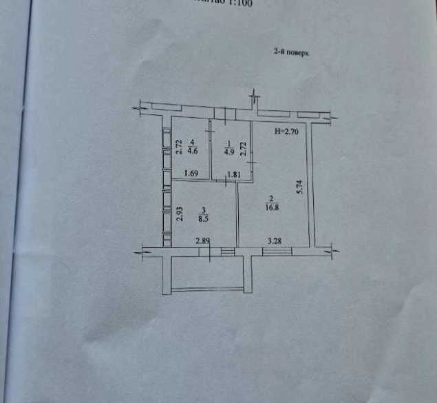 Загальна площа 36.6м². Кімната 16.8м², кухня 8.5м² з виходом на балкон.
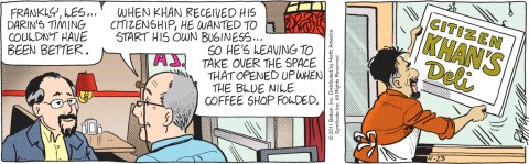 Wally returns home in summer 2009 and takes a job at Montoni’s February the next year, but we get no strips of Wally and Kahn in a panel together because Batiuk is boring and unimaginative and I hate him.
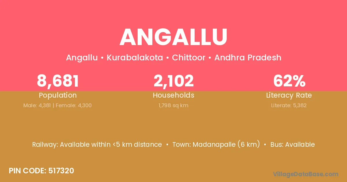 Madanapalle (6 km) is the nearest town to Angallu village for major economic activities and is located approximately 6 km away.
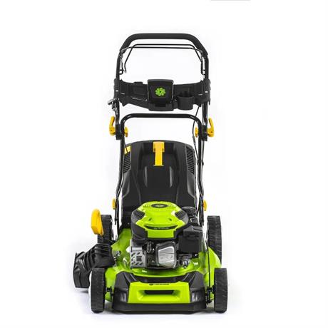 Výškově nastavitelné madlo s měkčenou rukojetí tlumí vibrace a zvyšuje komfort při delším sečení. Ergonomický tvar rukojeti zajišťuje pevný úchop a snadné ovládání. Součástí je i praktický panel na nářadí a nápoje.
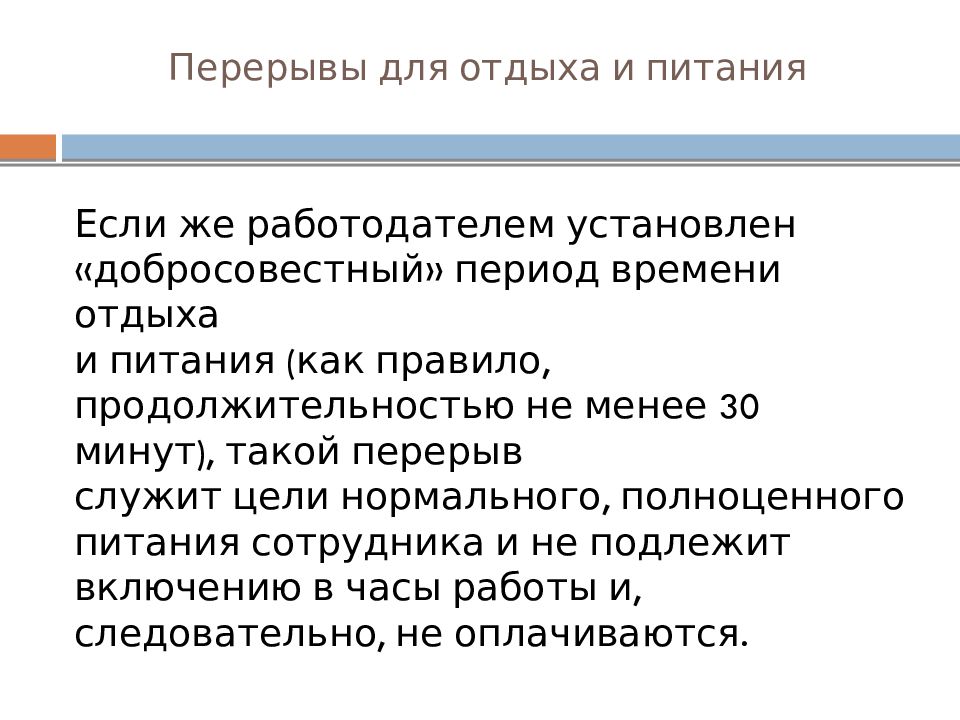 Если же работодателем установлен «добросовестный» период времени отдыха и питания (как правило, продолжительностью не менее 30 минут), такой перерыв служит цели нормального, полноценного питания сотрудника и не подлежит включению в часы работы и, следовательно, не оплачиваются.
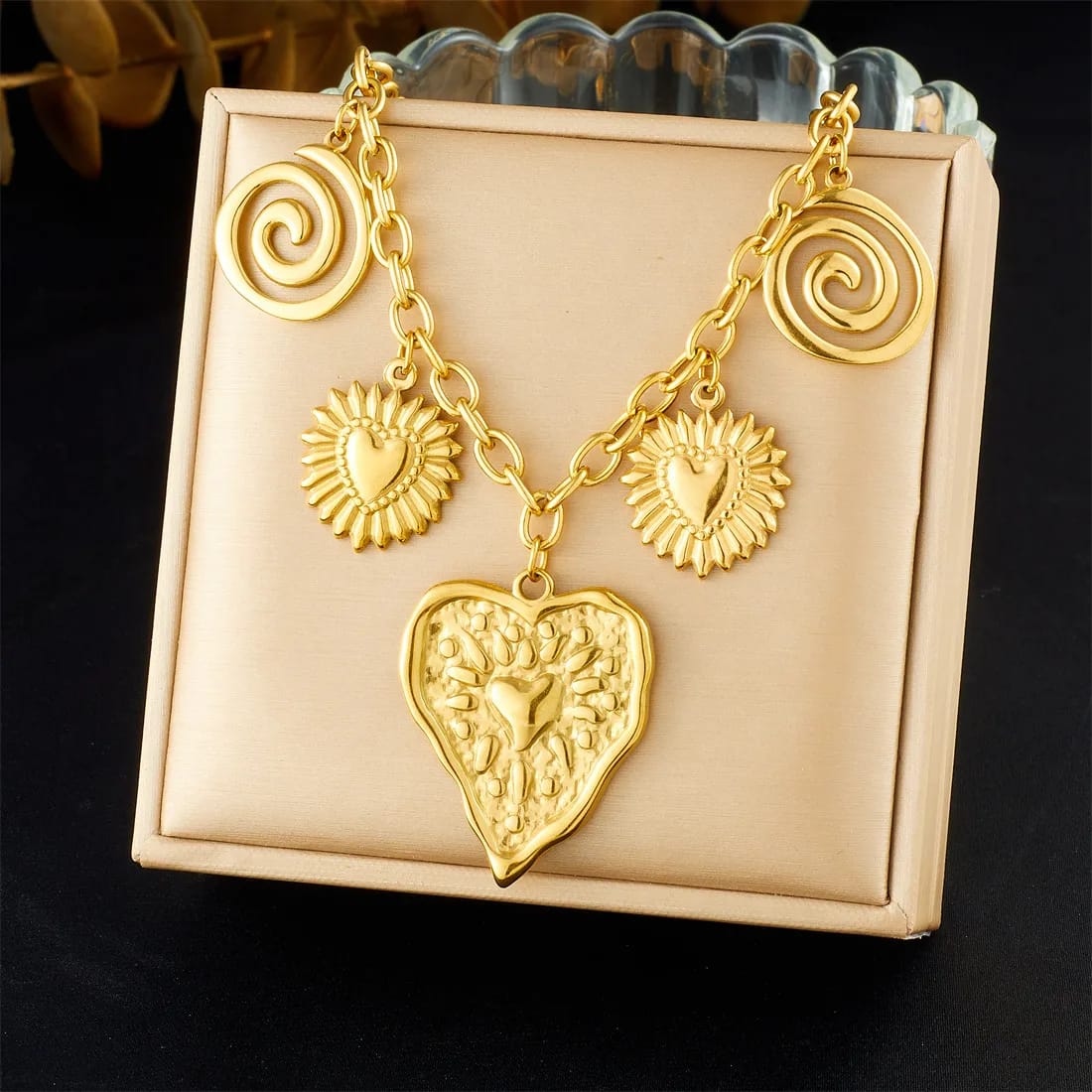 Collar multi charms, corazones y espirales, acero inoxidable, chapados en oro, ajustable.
* * *
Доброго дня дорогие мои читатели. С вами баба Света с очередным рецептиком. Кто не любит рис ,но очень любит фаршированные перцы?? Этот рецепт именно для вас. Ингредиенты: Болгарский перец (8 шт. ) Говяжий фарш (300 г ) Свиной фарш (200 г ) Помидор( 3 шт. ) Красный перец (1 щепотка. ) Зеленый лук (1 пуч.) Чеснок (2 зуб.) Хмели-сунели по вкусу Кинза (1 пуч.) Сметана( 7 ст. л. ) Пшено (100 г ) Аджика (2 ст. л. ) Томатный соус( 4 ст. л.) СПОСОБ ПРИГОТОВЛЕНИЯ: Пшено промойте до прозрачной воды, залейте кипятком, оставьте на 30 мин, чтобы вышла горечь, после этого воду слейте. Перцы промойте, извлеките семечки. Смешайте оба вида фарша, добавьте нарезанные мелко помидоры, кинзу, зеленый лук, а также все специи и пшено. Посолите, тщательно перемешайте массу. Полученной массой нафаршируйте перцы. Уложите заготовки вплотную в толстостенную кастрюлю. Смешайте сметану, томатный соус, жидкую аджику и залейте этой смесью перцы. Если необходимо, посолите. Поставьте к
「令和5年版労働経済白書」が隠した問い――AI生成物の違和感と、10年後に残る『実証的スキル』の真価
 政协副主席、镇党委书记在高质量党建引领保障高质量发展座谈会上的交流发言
* * *
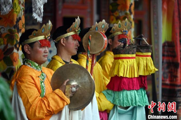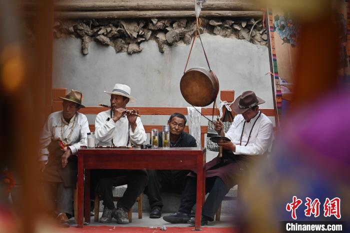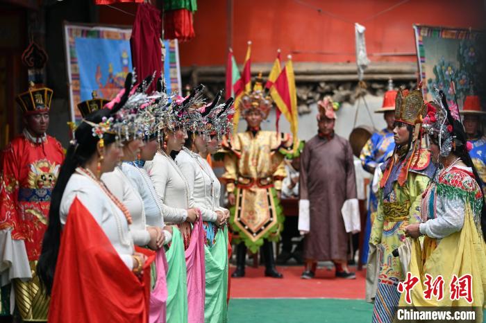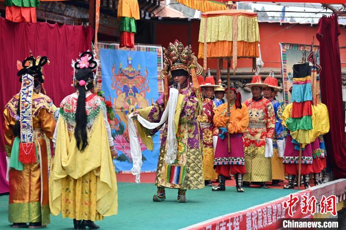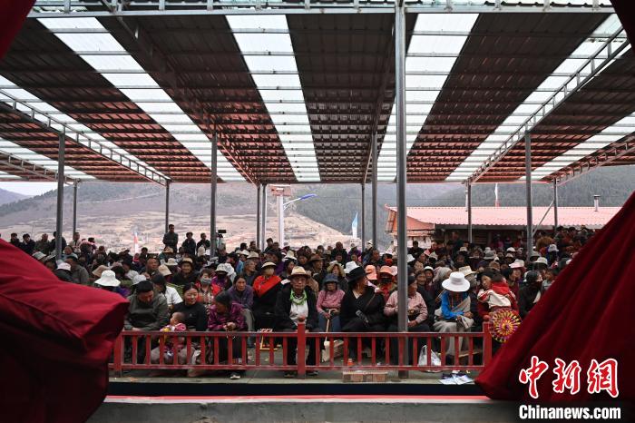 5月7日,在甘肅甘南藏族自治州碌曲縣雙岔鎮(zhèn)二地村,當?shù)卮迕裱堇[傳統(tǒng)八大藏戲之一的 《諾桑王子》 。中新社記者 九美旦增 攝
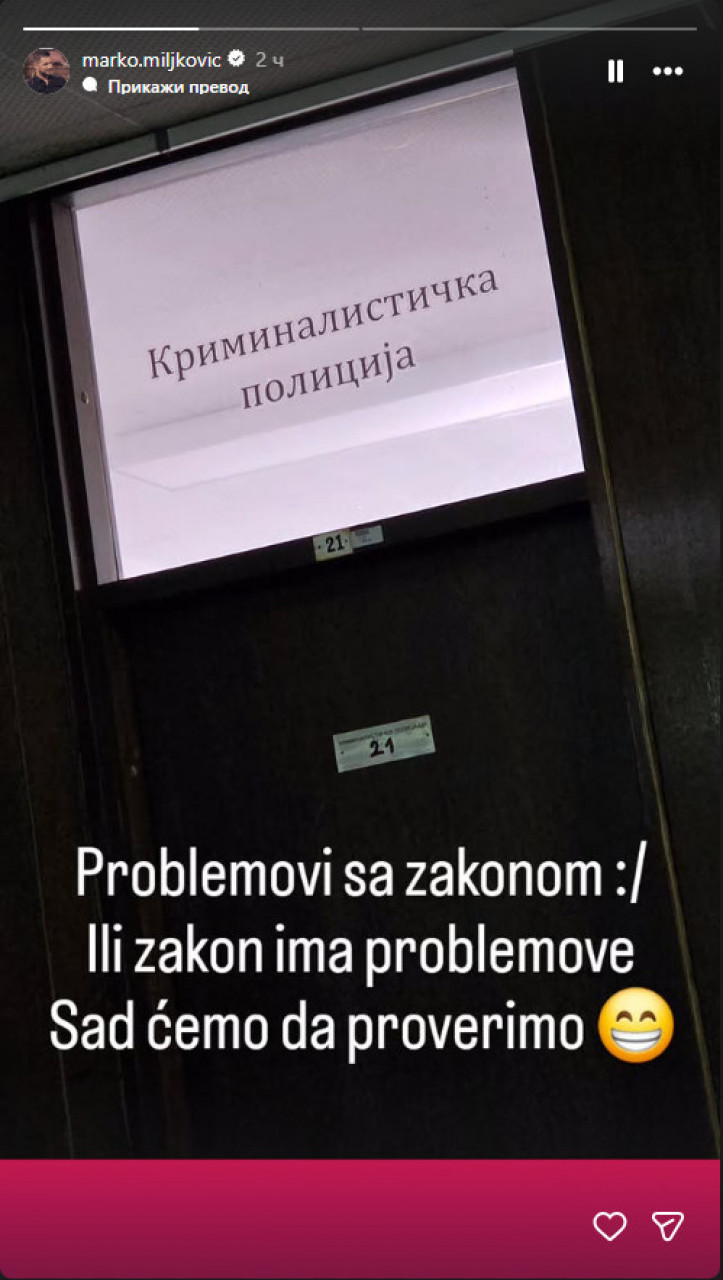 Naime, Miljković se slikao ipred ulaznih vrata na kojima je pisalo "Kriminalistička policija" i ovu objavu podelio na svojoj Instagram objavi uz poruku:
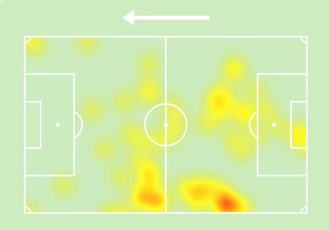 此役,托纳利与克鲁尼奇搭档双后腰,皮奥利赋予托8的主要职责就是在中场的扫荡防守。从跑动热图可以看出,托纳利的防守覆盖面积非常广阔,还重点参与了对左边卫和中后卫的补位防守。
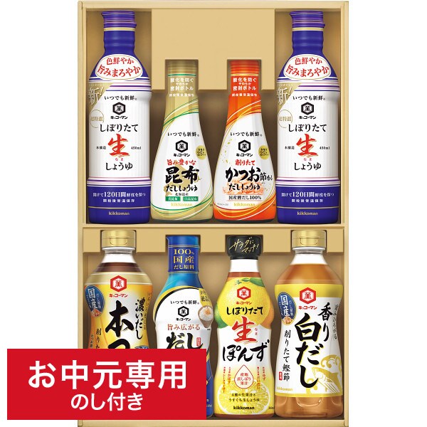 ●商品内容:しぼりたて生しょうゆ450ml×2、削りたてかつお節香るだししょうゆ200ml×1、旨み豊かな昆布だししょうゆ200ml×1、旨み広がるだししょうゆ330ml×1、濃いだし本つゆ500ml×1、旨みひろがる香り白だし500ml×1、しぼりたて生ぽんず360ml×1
* * *
→ **Exercise goal**:
Out of the records above, please copy exactly the lines from the line with "Wally returns home" up to and including the line with "Výškově nastavitelné madlo", minus the pictures.

→ **Your response**:
 Wally returns home in summer 2009 and takes a job at Montoni’s February the next year, but we get no strips of Wally and Kahn in a panel together because Batiuk is boring and unimaginative and I hate him.
 Madanapalle (6 km) is the nearest town to Angallu village for major economic activities and is located approximately 6 km away.
 Výškově nastavitelné madlo s měkčenou rukojetí tlumí vibrace a zvyšuje komfort při delším sečení. Ergonomický tvar rukojeti zajišťuje pevný úchop a snadné ovládání. Součástí je i praktický panel na nářadí a nápoje.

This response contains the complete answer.